Assignment
All pictures must be left out as you transcribe the lines from the first line of the data to the line containing "A woman with", both included.

(Beginning of Record extracts)

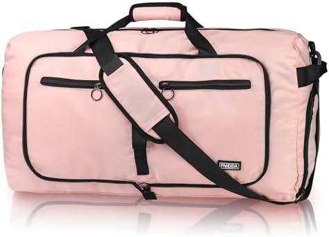 Fmeida 65L Duffle Bag with Shoes Compartment, Foldable Travel Duffel Bags for Men Women, Large Packable Travel Bag Water Repellent & Tear Resistant (Black)
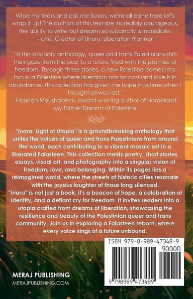 "Inara: Light of Utopia" is a groundbreaking anthology that unites the voices of queer and trans Palestinians from around the world, each contributing to a vibrant mosaic set in a liberated Falasteen. This collection melds poetry, short stories, essays, visual art, and photography into a singular vision of freedom, love, and belonging. Within its pages lies a reimagined world, where the streets of historic cities resonate with the joyous laughter of those long silenced. "Inara" is not just a book; it's a beacon of hope, a celebration of identity, and a defiant cry for freedom. It invites readers into a utopia crafted from dreams of liberation, showcasing the resilience and beauty of the Palestinian queer and trans community. Join us in exploring a Falasteen reborn, where every voice sings of a future unbound.
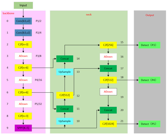 - Since the model’s backbone network uses 3 × 3 convolutional kernels for downsampling and feature extraction, the computational volume is huge and affects the operation speed; this paper replaces the 3 × 3 convolutional kernels used for downsampling the backbone network with the lightweight downsampling convolutional ADown in YOLOv9 [8].
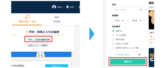 日付や時間などを選択して、レッスン可能な講師を検索しましょう。
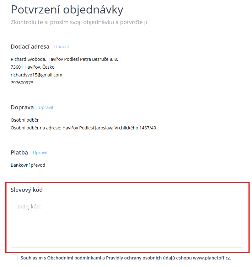 Jak uplatnit slevový kód na stránce Planetoff.cz:
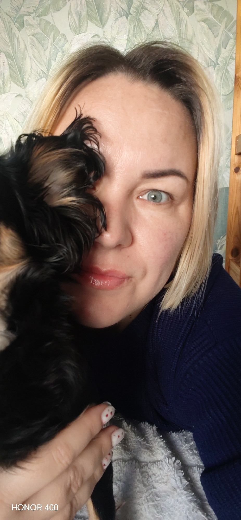A woman with short, blonde hair is holding a small, black and tan dog up to her face. The dog's fur covers part of her left eye. She has fair skin and light blue eyes. She is wearing a dark blue sweat…read more
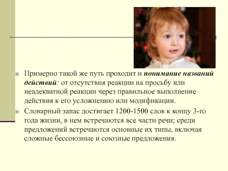Словарный запас достигает 1200-1500 слов к концу 3-го года жизни, в нем встречаются все части речи; среди предложений встречаются основные их типы, включая сложные бессоюзные и союзные предложения.
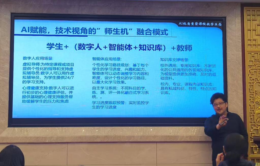 惠州学院索剑副教授进行了以“AI视角重塑课程教学生态”为主题的分享。索教授深入分析了人工智能技术如何去改变教育生态,并通过教学要素和教师素养等方面阐述了AI赋能教学的两种途径,结合技术的实际应用为大家进行了生动有趣的演示。未来的课堂将不再是单向传授,而是人机协同、动态适应的智慧学习空间。教师应积极拥抱AI,探索更具创新性的教学方法。
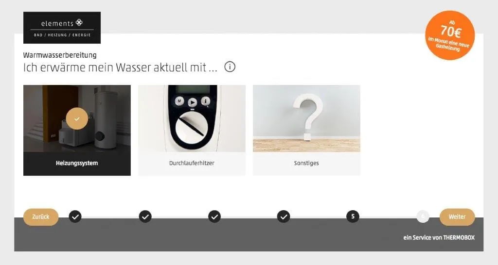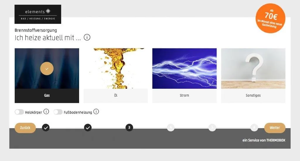 Der Endverbraucher soll zunächst über die Webseite www.elements-show.de/heizungskonfigurator in die digitale Heizungswelt geführt werden. Dort soll er fundierte Inhalte finden, um sich über das Thema Wärme und energieeffiziente Lösungen zu informieren. Über den auf der Webseite aufrufbaren Heizungskonfigurator kann er sich mit wenigen Klicks und in nur fünf Minuten eine Angebotsübersicht zu verschiedenen Wärmeerzeugungsanlagen anzeigen lassen. Technisch möglich macht diesen Service das Heizungs-Tool Thermobox der Gemeinschaft für Energieeffizienz, mit der Elements kooperiert.
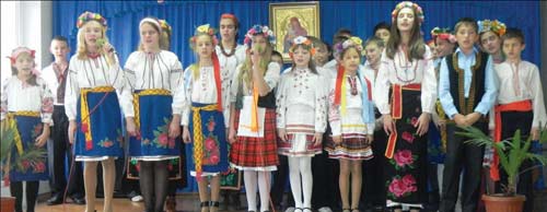 До цього заходу готувалася вся школа: прим╕ряли костюми, вивчалися п╕сн╕, думали, як краще ╖х ╕нсценувати. Свято розпочалося. Просимо Божо╖ допомоги через молитву (ми ж бо православна школа). Звучать слова, що ╖х декламу╓ вчителька укра╖нсько╖ мови та л╕тератури Людмила Леонт╕╖вна Смоляр:
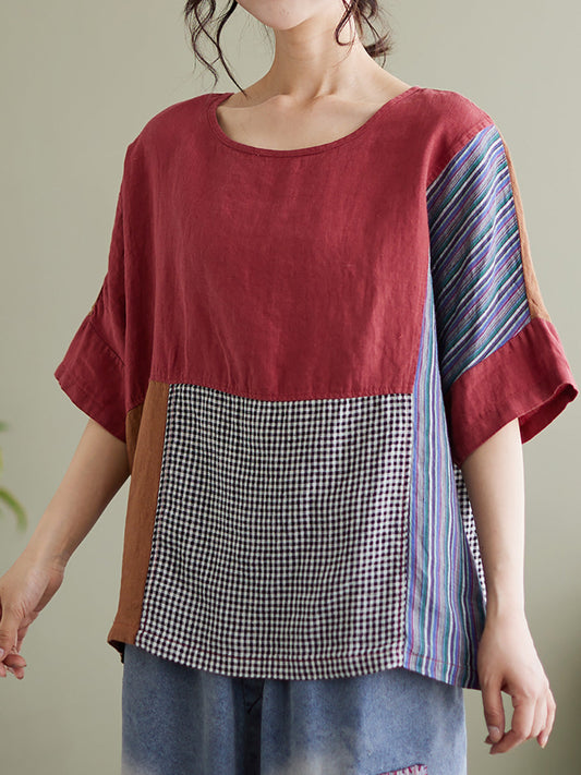 Chemise ample à manches courtes pour femme, grande taille, style vintage, patchwork, QW1031
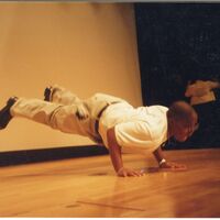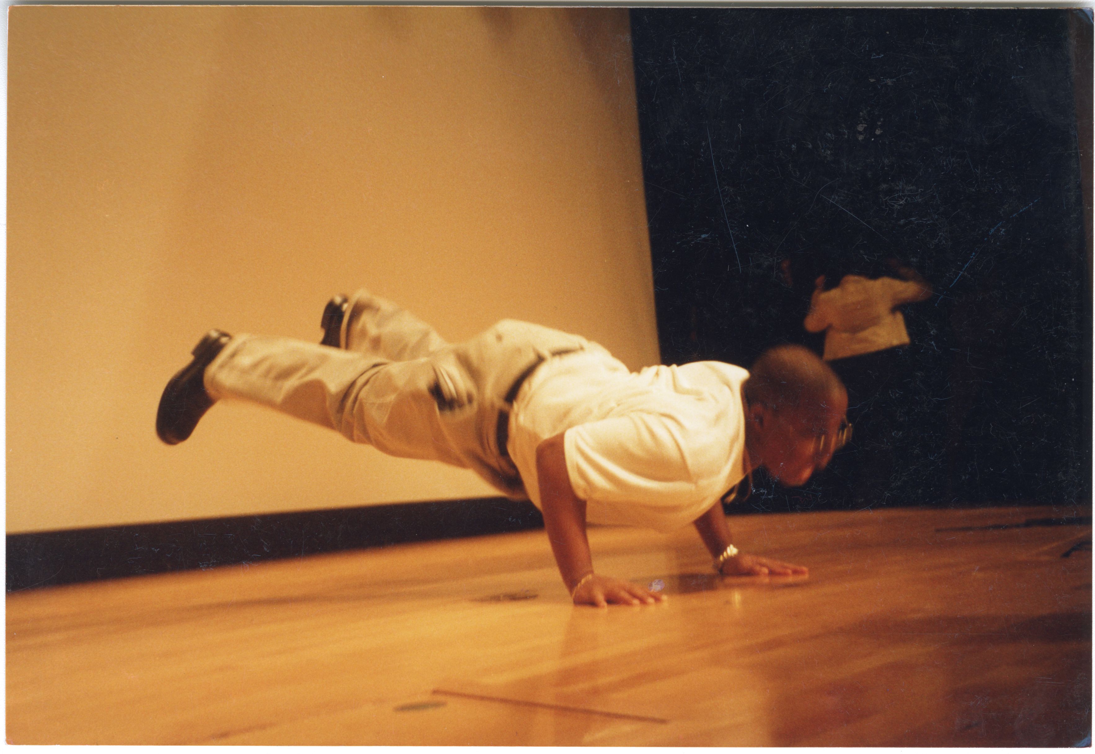Color photograph of a student performing at Black Student Union and Alpha Beta Sigma Sorority Inc.'s "Annual Charity Sickle Cell Auction" event in the Student Union, circa 2000s.
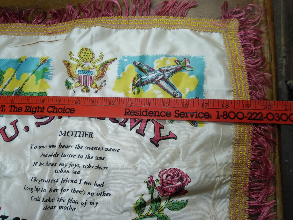 ***PLEASE LOOK AT ALL THE PICTURES AND ASK QUESTIONS BEFORE BIDDING*** This is a Vintage Fort George G Meade MD U S Army WWII Military Satin Pillow Cover Sham for Mother.  *** The pictures are a substantial part of the description so please examine all the photos and contact me if you have any questions. We will be happy to save you shipping costs by picking this up at our shop. Thank You  030425- RK-02
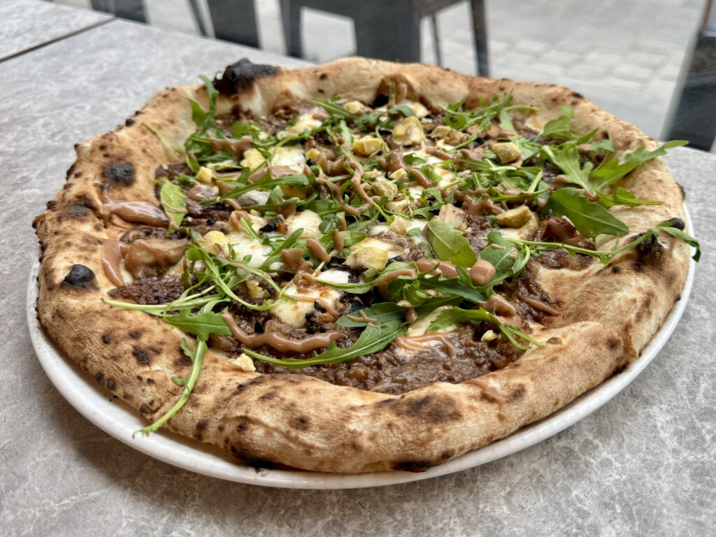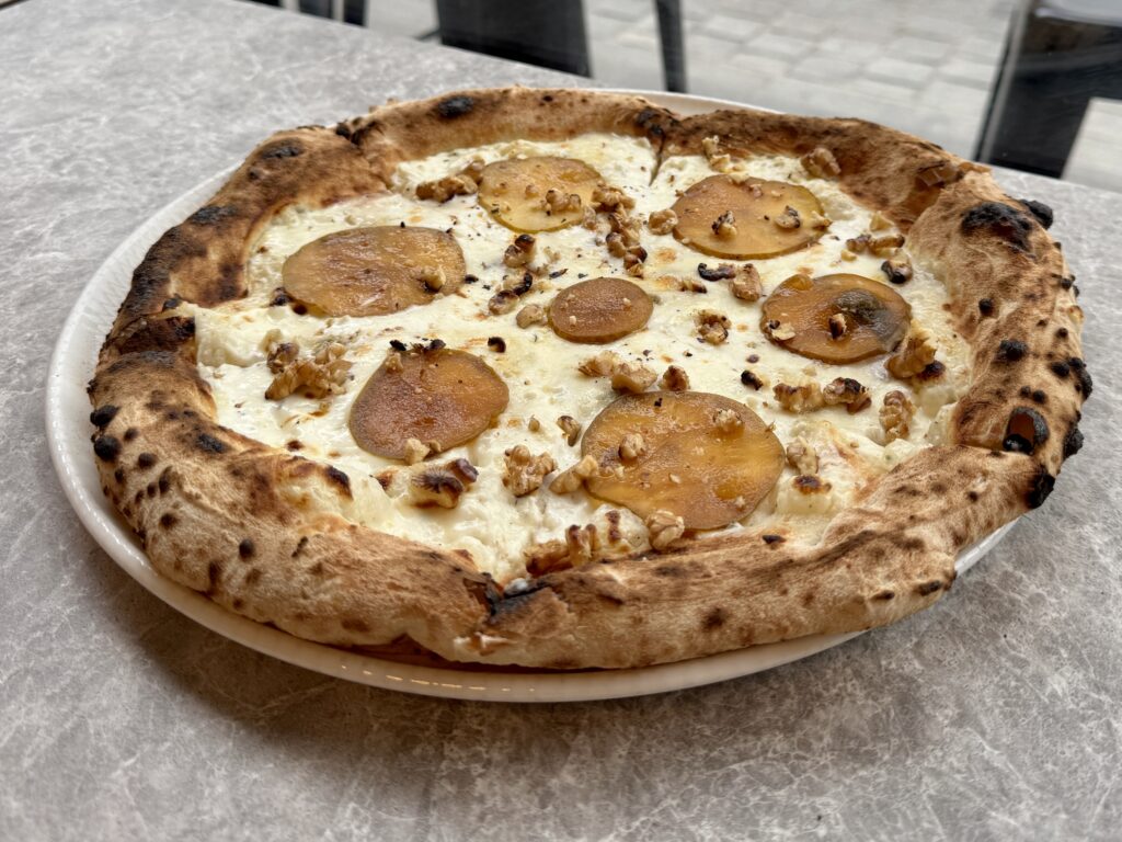 Ύστατο χαίρε στην απίστευτα ισορροπημένη special πίτσα της Biga, την Bianca alla Pera, τη νεοαφιχθείσα πρόταση με βάση από κρέμα μασκαρπόνε, εμπλουτισμένη με gorgonzola και μοτσαρέλα, υπέροχα σε δάγκωμα καραμελωμένα αχλάδια, με κερασάκι στην όλη δημιουργία, τα καβουρδισμένα καρύδια.
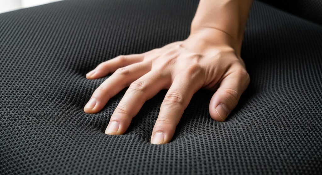 中古のオフィスチェアを買う上で、最もリスクが高いのが「座面のコンディション」です。特にコンテッサセコンダのようなメッシュチェアの場合、座面は体重を支え続ける過酷な環境にあります。長年使われた個体は、メッシュが伸びてハンモックのように沈み込んでしまい、座ると太ももの裏や骨盤を圧迫して、逆に腰痛の原因になってしまうことさえあるんです。
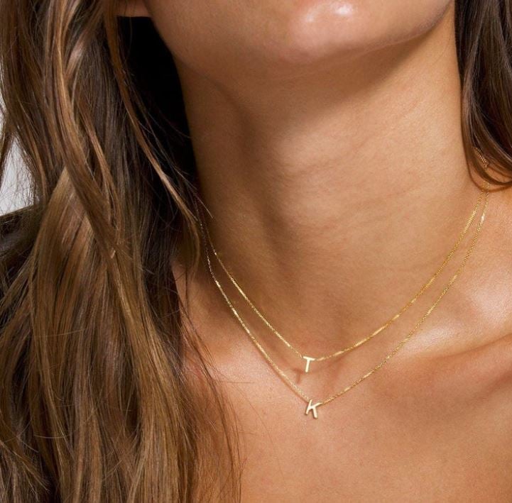 Pretty, dainty 16" yellow gold necklace with your choice of one initial.
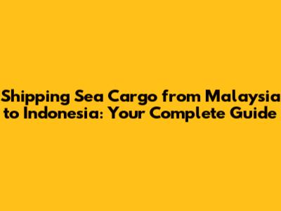 Shipping Sea Cargo From Malaysia To Indonesia
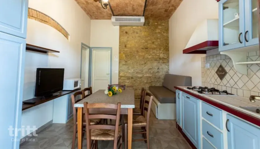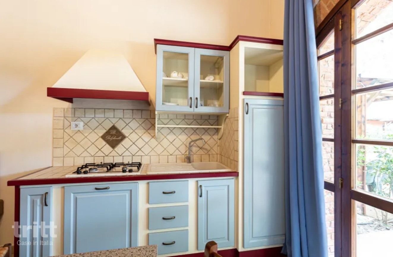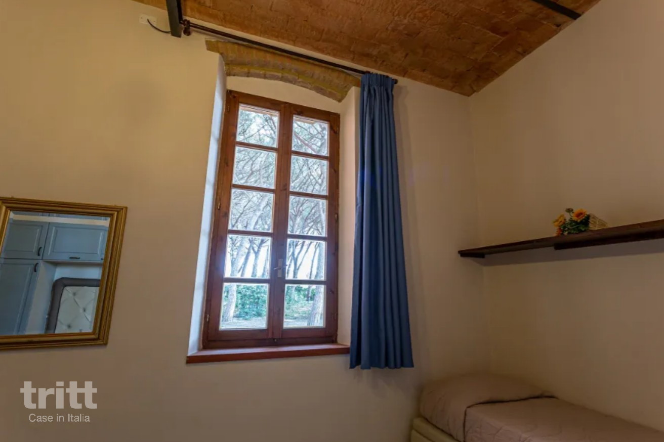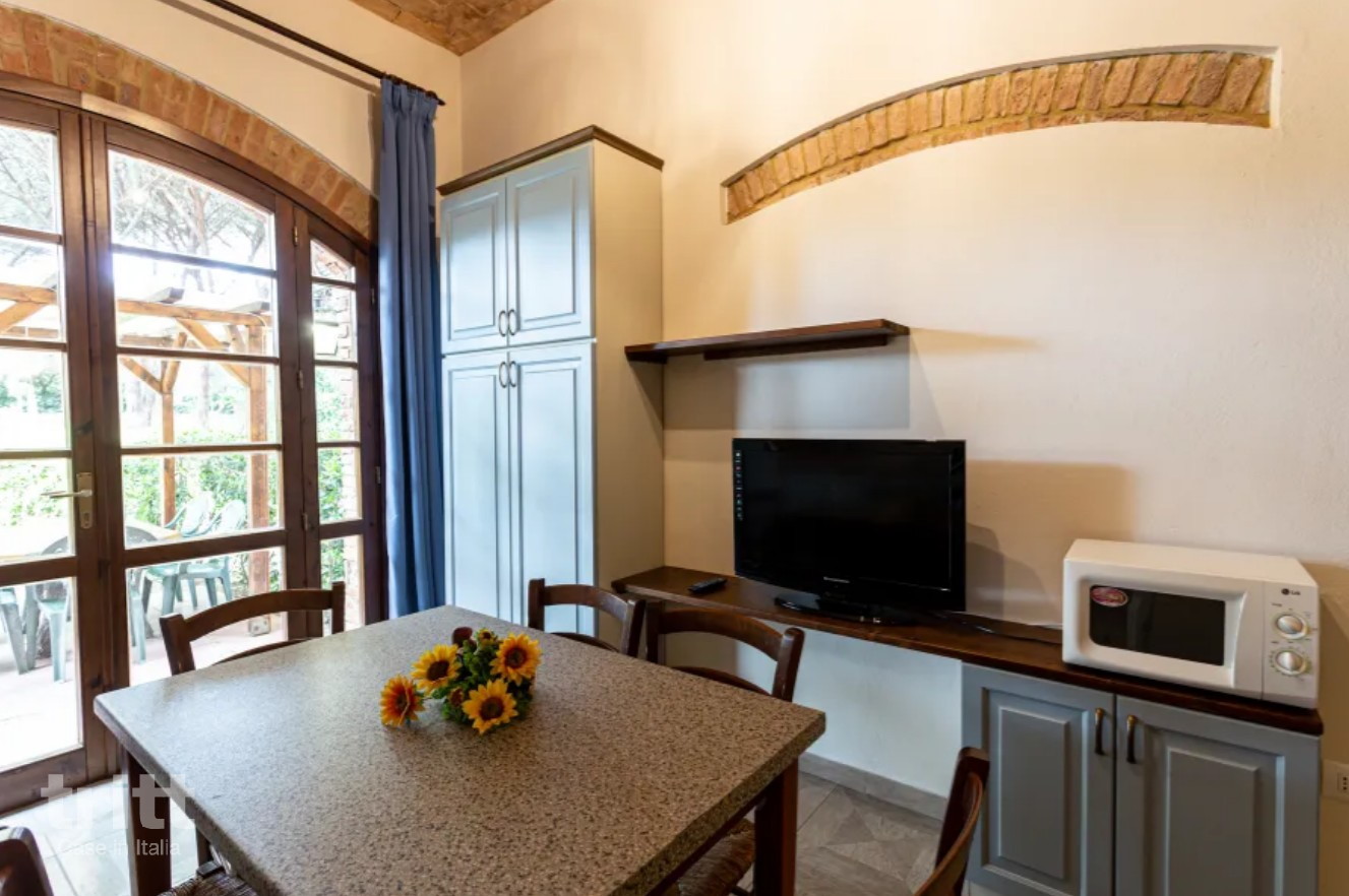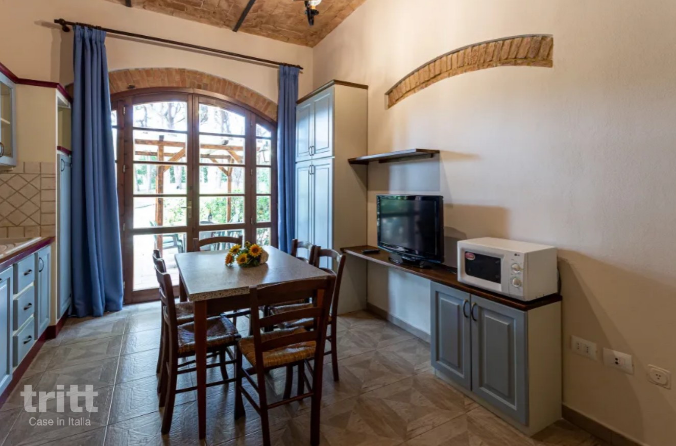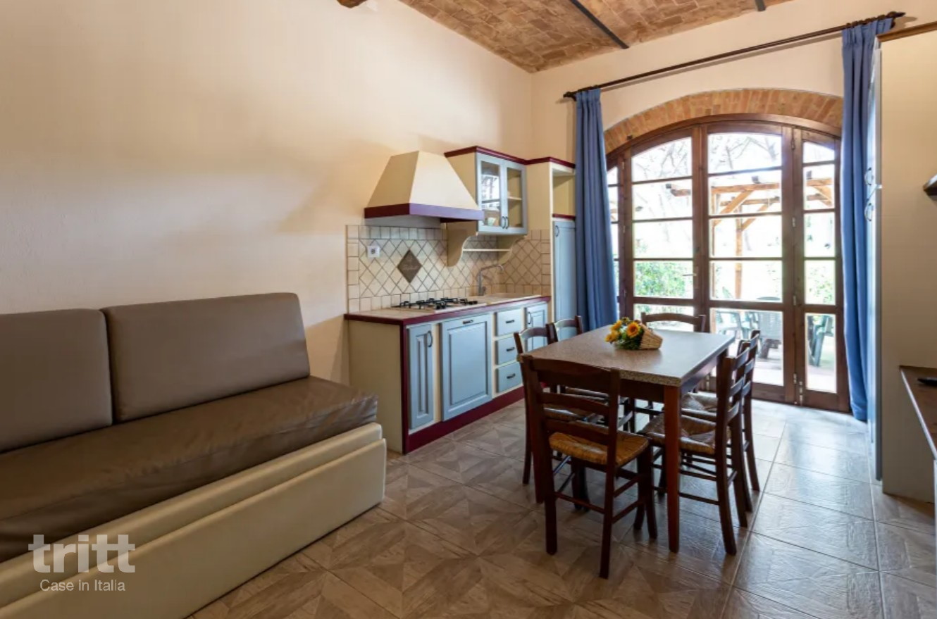 Het appartement ligt op de begane grond en ademt de eenvoudige charme van Toscane, met een woongedeelte met keukenhoek en een extra slaapbank voor kinderen. De slaapkamer biedt een tweepersoonsbed en een stapelbed, ideaal voor gezinnen die samen willen verblijven. Buiten wacht een terras met houten pergola en tuinmeubilair, perfect voor ontspannen momenten in de schaduw van het bos. Als gast maak je bovendien gebruik van het zwembad, de bar en de speelgelegenheden van een nabijgelegen terrein.
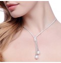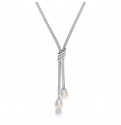Glorious mesh necklace with an elegant three row cubic zirconia detail which has a drop with two beautiful freshwater pearls
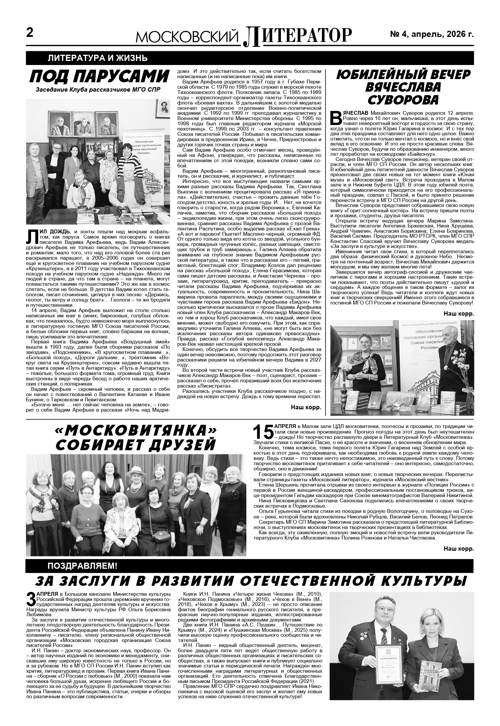 Говорили о предстоящих изданиях новых книг, новых творческих вечеров. Перелистывались страницы газеты «Московский литератор», журнала «Московский вестник».
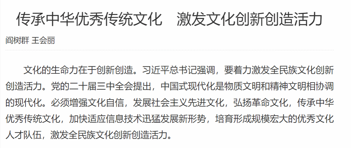 文化的生命力在于创新创造。习近平总书记强调,要着力激发全民族文化创新创造活力。党的二十届三中全会提出,中国式现代化是物质文明和精神文明相协调的现代化。必须增强文化自信,发展社会主义先进文化,弘扬革命文化,传承中华优秀传统文化,加快适应信息技术迅猛发展新形势,培育形成规模宏大的优秀文化人才队伍,激发全民族文化创新创造活力。
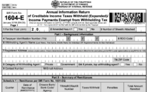 Form 1604E is the Annual Information Return of Creditable Withholding Taxes (Expanded). It summarizes all expanded withholding taxes you withheld and remitted during the year. This form must be filed on or before March 1 of the following year.
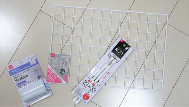 【ダイソー】ワイヤーネット、専用フック、つっぱり棒/各110円(税込)

(End of Record extracts)

Answer for this exercise
 Fmeida 65L Duffle Bag with Shoes Compartment, Foldable Travel Duffel Bags for Men Women, Large Packable Travel Bag Water Repellent & Tear Resistant (Black)
 "Inara: Light of Utopia" is a groundbreaking anthology that unites the voices of queer and trans Palestinians from around the world, each contributing to a vibrant mosaic set in a liberated Falasteen. This collection melds poetry, short stories, essays, visual art, and photography into a singular vision of freedom, love, and belonging. Within its pages lies a reimagined world, where the streets of historic cities resonate with the joyous laughter of those long silenced. "Inara" is not just a book; it's a beacon of hope, a celebration of identity, and a defiant cry for freedom. It invites readers into a utopia crafted from dreams of liberation, showcasing the resilience and beauty of the Palestinian queer and trans community. Join us in exploring a Falasteen reborn, where every voice sings of a future unbound.
 - Since the model’s backbone network uses 3 × 3 convolutional kernels for downsampling and feature extraction, the computational volume is huge and affects the operation speed; this paper replaces the 3 × 3 convolutional kernels used for downsampling the backbone network with the lightweight downsampling convolutional ADown in YOLOv9 [8].
 日付や時間などを選択して、レッスン可能な講師を検索しましょう。
 Jak uplatnit slevový kód na stránce Planetoff.cz:
A woman with short, blonde hair is holding a small, black and tan dog up to her face. The dog's fur covers part of her left eye. She has fair skin and light blue eyes. She is wearing a dark blue sweat…read more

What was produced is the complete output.